The Indian stock markets started of the day below par on account of the disappointing results and revenue guidance from Infosys (INFY), one of India's largest players in the software space. The company revised its guidance downwards on account of uncertainty in the global client environment. Seeing its guidance investors were negative on other stocks in the software space as well, sending the index lower by over 5%.
The indices traded well below the dotted line and the market breadth was negative with 1.4 as many declines as advances. While the BSE-Sensex closed lower by around 257 points (down 1.5%), the NSE-Nifty closed lower by around 71 points (down 1.3%). The smaller indices had a relatively better day on the bourses, but they also could not close in the positive. The BSE Mid Cap index and the BSE Small Cap closed 0.6% and 0.7% lower respectively. Most sectoral indices saw declines today with the exception of realty and oil and gas stocks. IT and consumer durables were the top losers.

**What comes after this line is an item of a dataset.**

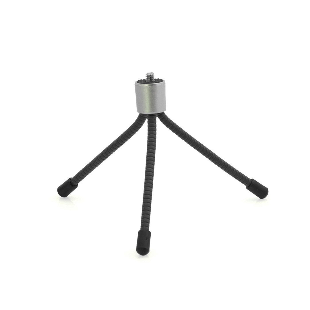 Trípode para cámaras con tornillo de ajuste universal y patas flexibles con acabado en goma antideslizante para fijación en todo tipo de superficies.Presentado en caja individual.

As regards global markets, Asian indices had a negative outing today. European indices opened the day in the negative zone. The rupee was trading at Rs 55.8 to the dollar at the time of writing.
Bank advances in India grew marginally in the first quarter of the new fiscal year. Corporate borrowing was low on account of sluggishness in the economy. Bankers said the pace of loan and deposit growth was also slow in the June quarter because corporates usually prefer to borrow in the second half of the fiscal year. Banks' credit grew 1.2% in 1QFY13, while deposits rose 1.9%, according to data released by the Reserve Bank of India (RBI). With the economy not showing signs of a revival, bankers are not confident of achieving RBI's loan and deposit growth projections. The country's economic growth slumped to its lowest level in nine years to 5.3% in 4QFY12. The central bank currently projects credit growth at 17% in FY13 and deposit growth at 16%. However, if the sentiments improve during the second half of the year then the targets can be achieved. Now, in the absence of demand for credit, banks continued to park their money in central and state government bonds. Investment in government bonds and other approved securities rose 6.7% to Rs 18.6 trillion rupees in the three months to June. Banking stocks closed lower in trade today, with Punjab National Bank (PNB) and Axis Bank seeing a sell-off.
The government has set an ambitious target to garner Rs 300 bn from the disinvestment in public sector units in the current fiscal year. This comes on the back of a dismal performance last year, where only around 32% of the planned divestment could be achieved. The Union Cabinet was expected to consider a proposal on Thursday to sell a 10.82% stake in Steel Authority of India (SAIL) in a desperate bid to raise resources to fund its various development programs. The planned sale could fetch the government up to Rs 40 bn at the current market capitalisation. The Center holds 85.82% in the company. However, the sale decision was once again delayed as the Steel Minister Beni Prasad Verma was away on an official tour. Sentiments in the markets are choppy and several issues have been postponed. The government also desperately needs to repair its dismal finances. Thus firm decisions with regards to divestment of public companies needs to be taken forward. Plus the government needs to garner some credibility post the Oil and Natural Gas Corporation Ltd. (ONGC) sale disaster.